─── Source data

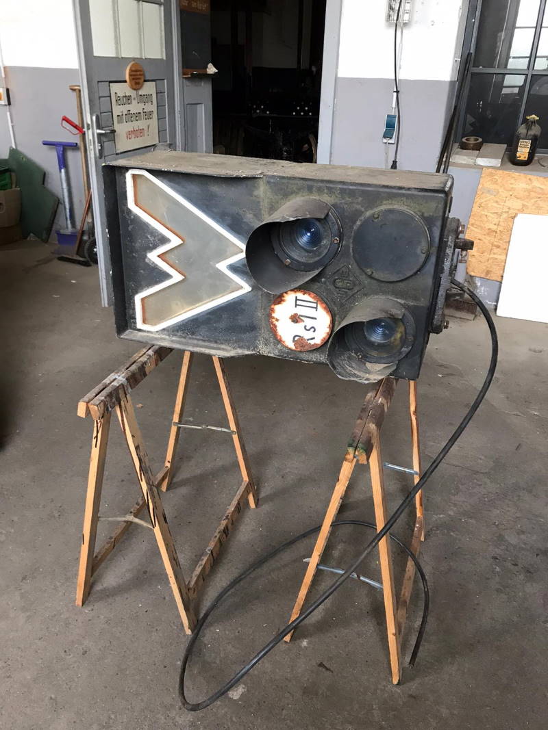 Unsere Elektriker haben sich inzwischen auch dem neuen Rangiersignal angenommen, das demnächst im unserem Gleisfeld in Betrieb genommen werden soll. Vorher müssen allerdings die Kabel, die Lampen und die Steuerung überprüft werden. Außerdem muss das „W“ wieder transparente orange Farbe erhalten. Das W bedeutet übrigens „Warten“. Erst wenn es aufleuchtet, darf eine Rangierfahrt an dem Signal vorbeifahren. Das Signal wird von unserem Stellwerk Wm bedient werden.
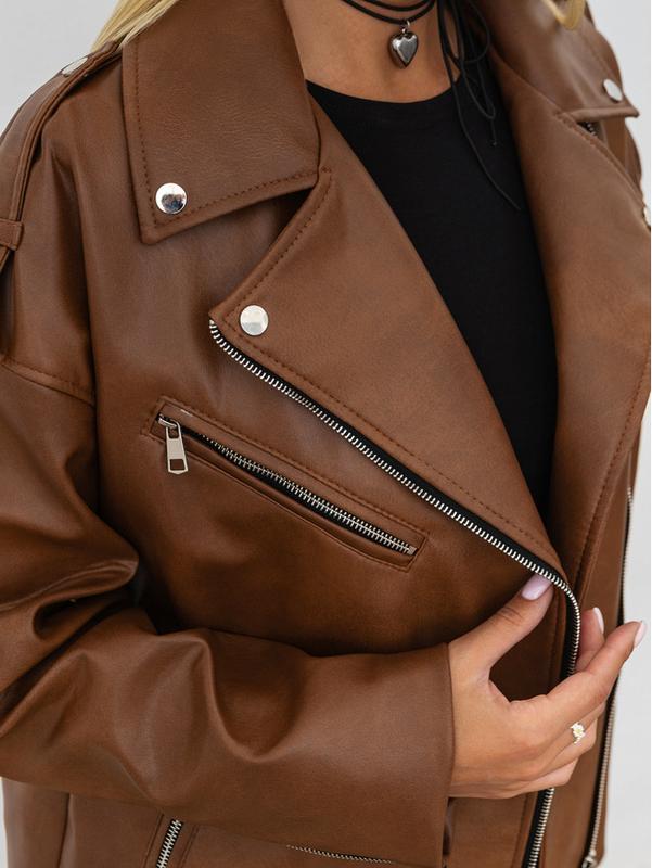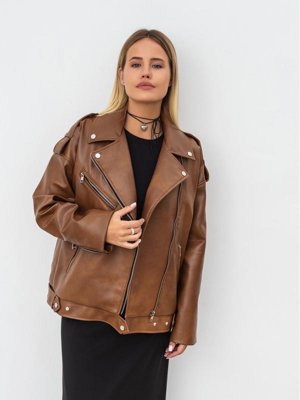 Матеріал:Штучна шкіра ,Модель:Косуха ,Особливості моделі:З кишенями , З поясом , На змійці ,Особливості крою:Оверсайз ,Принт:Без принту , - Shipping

──────
─── Source data

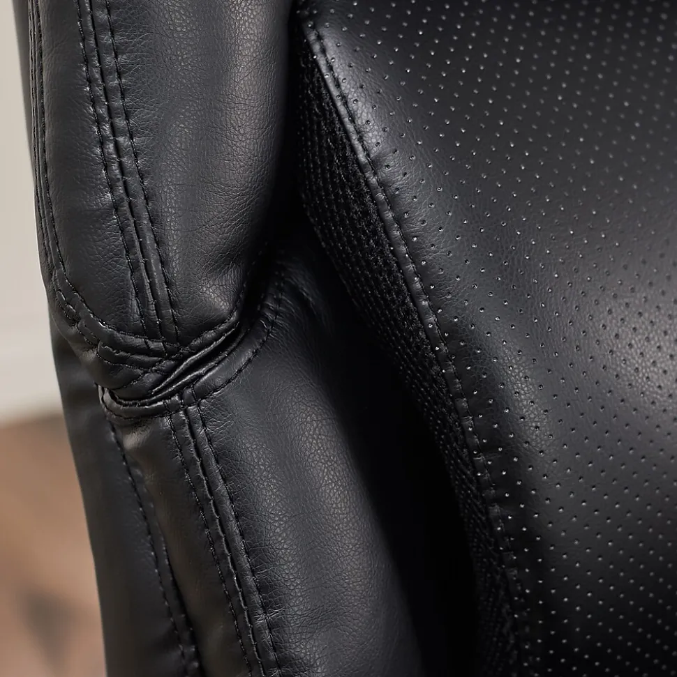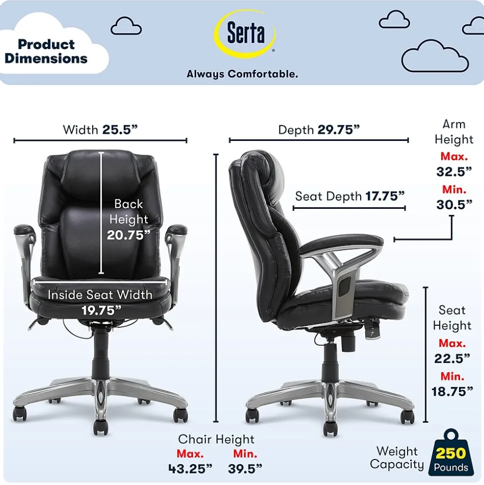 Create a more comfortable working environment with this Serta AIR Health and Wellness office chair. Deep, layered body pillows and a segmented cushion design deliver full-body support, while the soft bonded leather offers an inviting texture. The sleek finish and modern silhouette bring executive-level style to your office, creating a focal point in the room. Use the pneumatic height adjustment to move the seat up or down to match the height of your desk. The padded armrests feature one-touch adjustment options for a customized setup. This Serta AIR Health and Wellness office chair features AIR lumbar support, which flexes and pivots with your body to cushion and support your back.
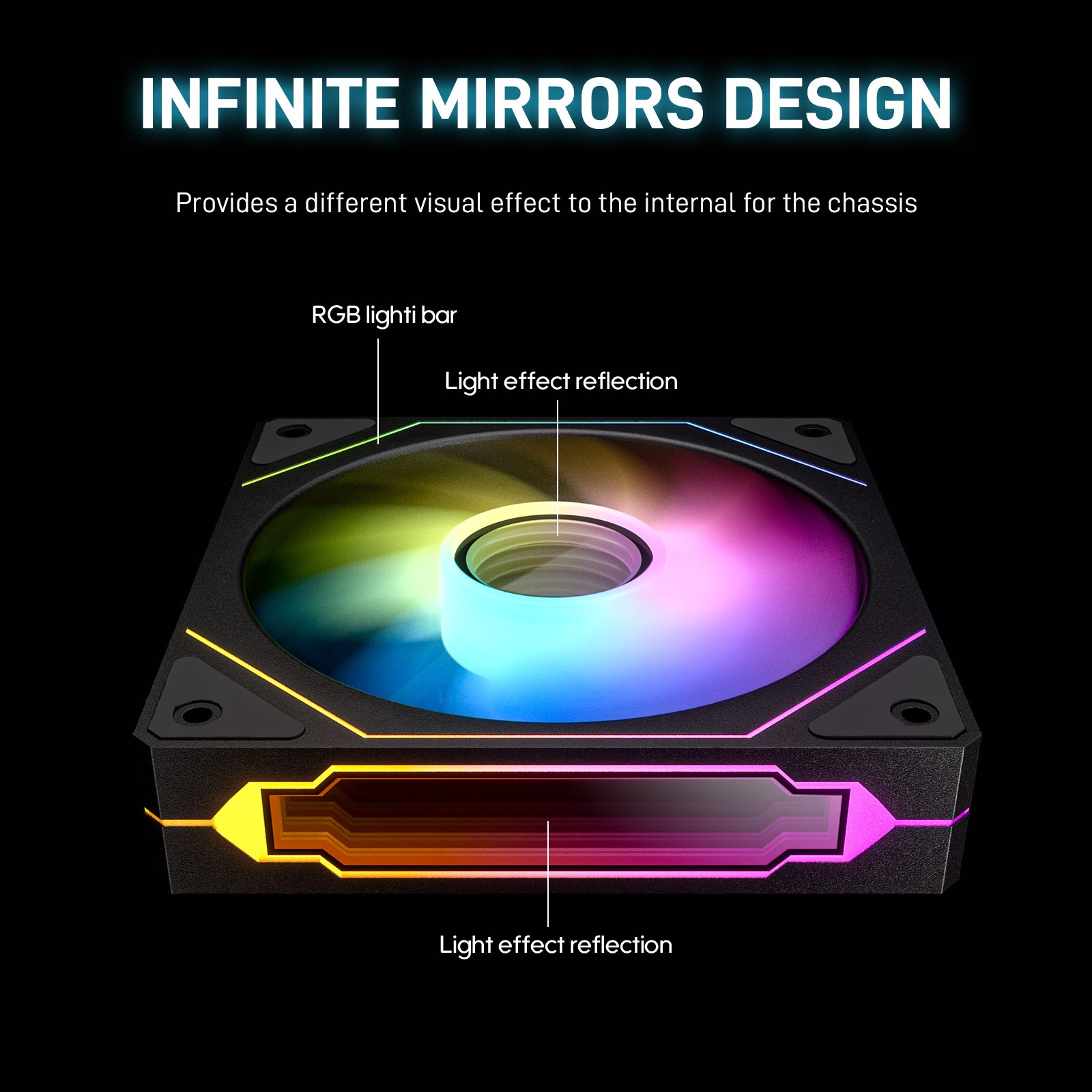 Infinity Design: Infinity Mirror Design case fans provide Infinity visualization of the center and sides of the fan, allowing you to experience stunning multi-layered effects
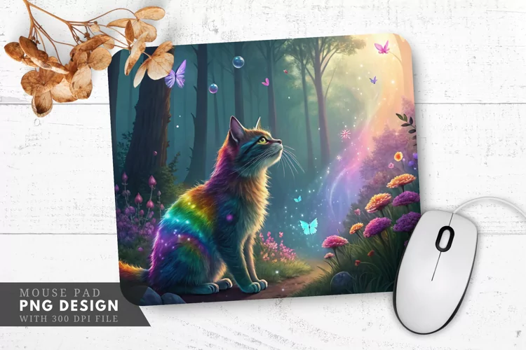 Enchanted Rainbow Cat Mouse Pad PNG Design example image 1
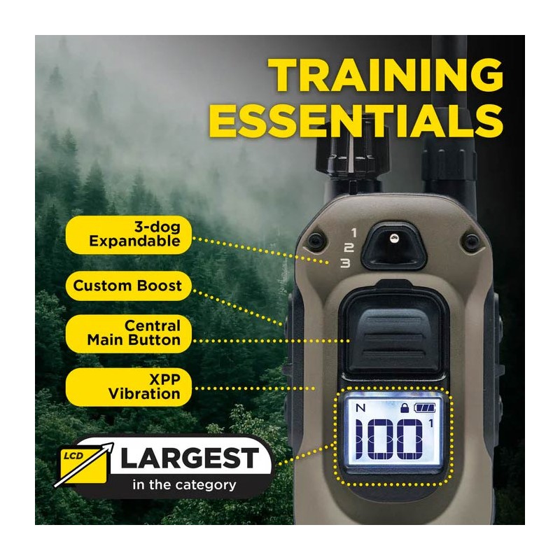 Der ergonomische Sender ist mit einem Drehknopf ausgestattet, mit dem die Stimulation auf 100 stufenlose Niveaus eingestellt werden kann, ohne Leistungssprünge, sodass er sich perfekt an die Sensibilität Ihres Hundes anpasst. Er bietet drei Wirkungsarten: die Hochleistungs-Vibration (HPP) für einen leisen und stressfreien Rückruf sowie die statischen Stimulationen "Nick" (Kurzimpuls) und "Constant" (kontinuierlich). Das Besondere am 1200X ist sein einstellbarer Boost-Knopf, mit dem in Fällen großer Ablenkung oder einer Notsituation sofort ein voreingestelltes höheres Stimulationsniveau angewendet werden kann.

──────
─── Source data

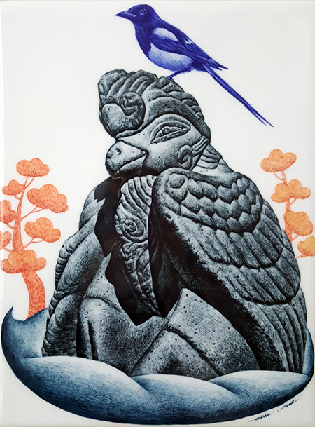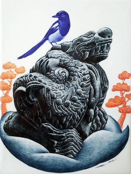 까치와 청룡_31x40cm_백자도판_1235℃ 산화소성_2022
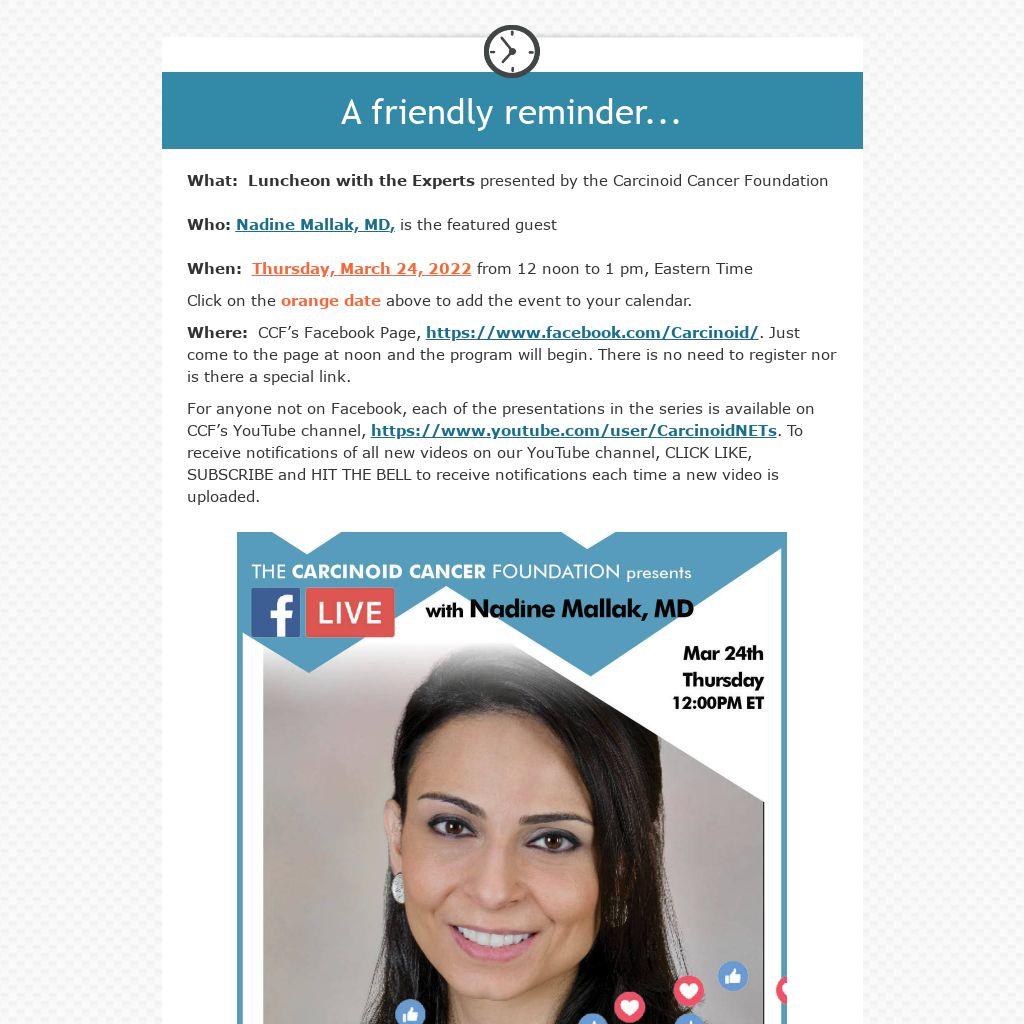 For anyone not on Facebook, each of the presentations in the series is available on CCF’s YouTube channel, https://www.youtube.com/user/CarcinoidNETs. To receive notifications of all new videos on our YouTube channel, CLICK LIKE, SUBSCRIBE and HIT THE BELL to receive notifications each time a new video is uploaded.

──────

**What you have to do:** Leaving out the pictures, please output the lines in the entries above from the one with "까치와 청룡_31x40cm_백자도판_1235℃ 산화소성_2022" through the one with "For anyone not", exactly as they are.

**Result for this task:**
 까치와 청룡_31x40cm_백자도판_1235℃ 산화소성_2022
 For anyone not on Facebook, each of the presentations in the series is available on CCF’s YouTube channel, https://www.youtube.com/user/CarcinoidNETs. To receive notifications of all new videos on our YouTube channel, CLICK LIKE, SUBSCRIBE and HIT THE BELL to receive notifications each time a new video is uploaded.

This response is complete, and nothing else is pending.